Sensex and Nifty rally as Nifty Media and IT lead the gainers on October 5, 2023

The Indian markets displayed notable resilience today, as the Sensex soared by 405 points (0.62%) to close above the 65,600 mark, and the Nifty posted a gain of 109 points (0.56%) to finish above 19,500

During Thursday’s trading session, the domestic equity benchmarks exhibited a remarkable recovery, coinciding with the weekly expiry of F&O contracts. Robust buying activity was observed in heavyweight sectors, and positive global factors, including a decline in oil prices and lower US bond yields, boosted investor confidence on Dalal Street.

Specifically, the BSE Sensex surged by 405.53 points (0.62%) to settle at 65,631.57, while the NSE Nifty50 recorded a gain of 109.65 points (0.56%) to close at 19,545.75. The broader market showed mixed performance, with the Nifty Midcap index slightly down and the Nifty Smallcap index gaining 0.63%. Notably, India VIX, indicating market volatility, dropped by approximately 6% to reach 10.96.

The recovery in global markets, coupled with a significant decline in international crude oil prices and stability in US bond yields, prompted investors to engage in relief buying of domestic shares following two consecutive sessions of losses.
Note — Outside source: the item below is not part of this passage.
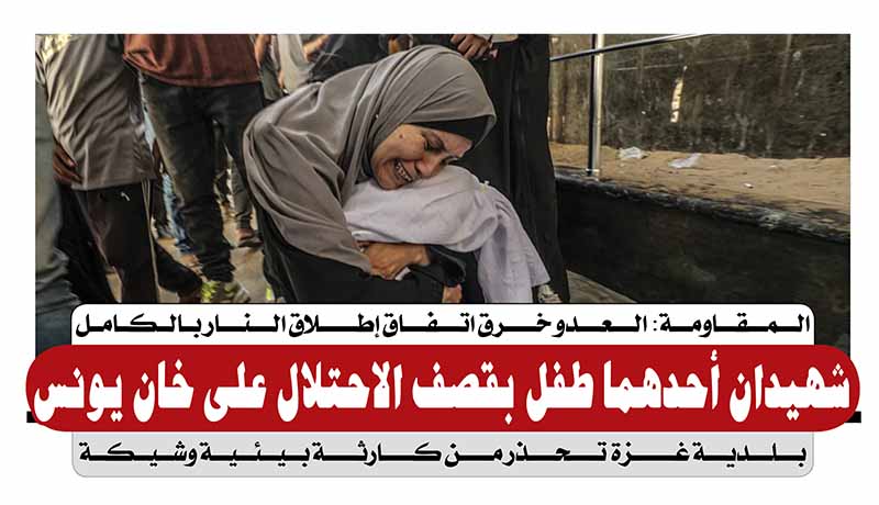 المقاومة: العدو خرق اتفاق إطلاق النار بالكامل.. شهيدان أحدهما طفل بقصف الاحتلال على خان يونس

The rally was primarily driven by purchases in IT, banking, auto, and capital goods stocks, although selective profit-taking limited overall gains.
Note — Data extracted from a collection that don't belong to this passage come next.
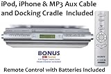 Sony Under the Cabinet Space Saving Stereo Sound System with CD Player, AM / FM Digital Tuner Radio, 15 Station Presets, Bass Reflex Speakers, LCD Backlit Display Clock, Magnetic Remote Control(Batteries Included), Cooking Timer, Built-In AUX Cable & Cradle for any iPod, iPhone, MP3 Digital Audio or Tape Cassette Player *BONUS* DBsonic CD Player Lens Cleaner Included
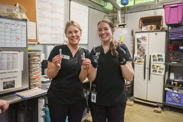 Director of Animal Health, Heather Schwartz DVM and Veterinary Intern, Lauren Vincent DVM.
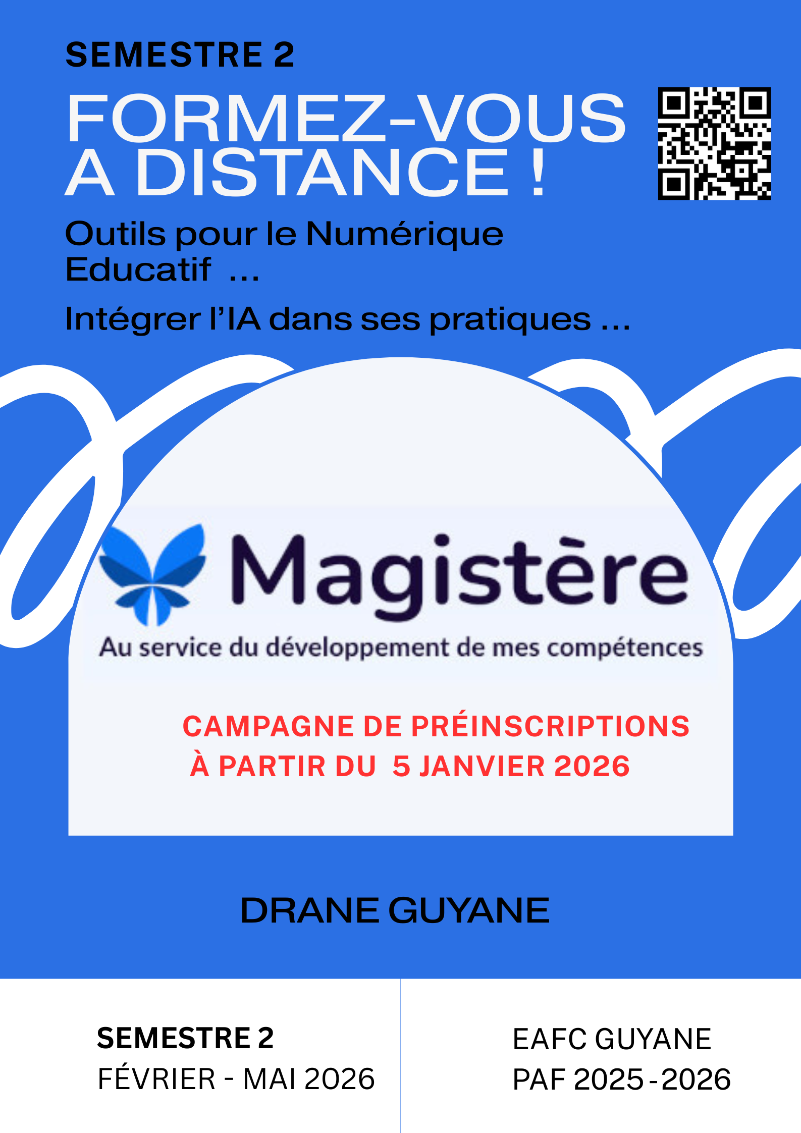 A compter de février 2026 la DRANE Guyane met en œuvre des parcours de formation distanciels hybrides sous magistère pour outiller tous les enseignants de l’académie à une utilisation responsable du numérique éducatif. Ces formations visent les compétences requises pour concevoir des parcours pédagogiques, faire produire les élèves, évaluer les apprentissages et expérimenter de manière individuelle et collaborative avec l’intelligence artificielle. Les nouveaux parcours hybrides intègreront une ou plusieurs sessions synchrones en distanciel avec des temps de travail en asynchrone afin de laisser chaque enseignant avancer à son rythme.

Regarding sectors, Nifty Media, Nifty IT, Nifty Auto, and Nifty Bank were among the top gainers, while Nifty PSU Bank, Nifty Pharma, Nifty Metal, and Nifty Energy faced losses.

Among the Nifty 50 stocks, L&T, Bajaj Auto, Titan, and TCS recorded the most significant gains, whereas Power Grid, Hindalco, NTPC, and Tata Consumer Products were among the top losers.
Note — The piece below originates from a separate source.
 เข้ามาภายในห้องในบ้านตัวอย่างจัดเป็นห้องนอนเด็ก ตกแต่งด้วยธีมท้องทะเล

In the broader market indices, Prestige Estates Projects, SunTV, Angel One, and Suzlon registered gains, while Navin Fluorine International, Union Bank, RBL Bank, and Aavas Financiers Ltd were among the top losers for the day.

Positive signals from PMI data and a correction in crude oil prices bolstered market sentiment. A reduction in foreign institutional investors (FIIs) selling activity, particularly in banking and IT shares, also provided support. Furthermore, market expectations lean towards the RBI maintaining steady interest rates, given the muted outlook for external demand and concerns regarding future disinflationary trends.

Disclaimer: This post has been written exclusively for educational purposes. The securities mentioned are only examples and not recommendations. It is based on several secondary sources on the internet, and is subject to changes. Please consult an expert before making related decisions.